Подошел автобус, и он ловко вскочил на ступеньку. Шестьдесят лет – возраст еще далеко не старого мужчины. Впереди – Париж. Найдет ли он там единомышленников, сторонников своих помыслов? Берберова знает тамошнюю обстановку лучше его, уехавшего из Парижа девять лет тому назад. Увы, во Франции он не нашел сторонников, готовых поддержать его в борьбе с Кремлем. Как писала Берберова, «А. Ф. поехал в Германию создавать какой-то русско-американский или американо-русский комитет. Из того для него вышел один конфуз». Впрочем, на что-то путное он там не надеялся. Действовал по инерции души, нацеленной и страждущей, не так сильно, как в годы зрелой молодости, но еще достаточно активно. Он осознавал, что остался один, ушли из жизни могучие деятели России, с которыми зачиналась свобода в 1917 году. Князь Георгий Евгеньевич Львов скончался еще в 1926-м, Александр Иванович Гучков – в 1936-м, Павел Николаевич Милюков – в 1943-м. Может, стоило им оставаться вместе до конца. Три ума лучше, чем один. В 1938 году не стало культурного посла России во всем мире – Федора Ивановича Шаляпина.
Керенский понимает, что пора приступать к написанию мемуаров, пора, пока еще живут в памяти воспоминания минувших лет, есть документы в архивах. Обусловливает для себя время обзора – от рождения по 1917 год. Уходит в работу полностью. Моментами ему кажется, что он опустошен, более не возьмется за перо, но два-три дня отдыха – и снова его манит работа, медленно, но уверенно ведущая описание к пику жизни. За те годы, что он создавал мемуары, окончательно посеребрились его волосы. Бобрик остался цел и крепок, но поседел. Заново пережить жизнь, пусть и за письменным столом, оказалось делом благодарным, но и безмерно тяжелым. Зато велико было счастье держать в руках сигнальный экземпляр книги, пахнущий типографской краской и, как ему казалось, несущий ароматы волжских трав, незабываемые запахи леса и русских грибов, маминых волос…
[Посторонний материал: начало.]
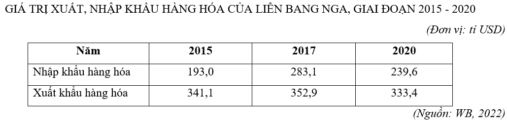 Căn cứ vào bảng số liệu trên, hãy cho biết cán cân xuất nhập khẩu của Liên bang Nga năm 2015 cao hơn năm 2020 là bao nhiêu tỉ USD? (làm tròn kết quả đến số thập phân thứ nhất)

Книга, о которой он мечтал, увидела свет, но читателей ее оказалось меньше, чем он предполагал. Просто он не заметил, как его соотечественники уходили из жизни. Их дети, за небольшим исключением, жили интересами той страны, где пребывали. На последнюю его лекцию, пятидесятилетия февраля, в Колумбийском университете собралось ползала – человек двести. Но он не подал вида, что огорчен этим, и выступил энергично, говорил громко, не чурался самоиронии, когда она требовалась. Это было новым и для него, и для слушателей. «Умение шутить – признак молодости души», – говорили ему после лекции. Человек двадцать окружили его в вестибюле, и это были прекрасные люди, с радостью встретившие февраль семнадцатого и не забывшие его через полвека.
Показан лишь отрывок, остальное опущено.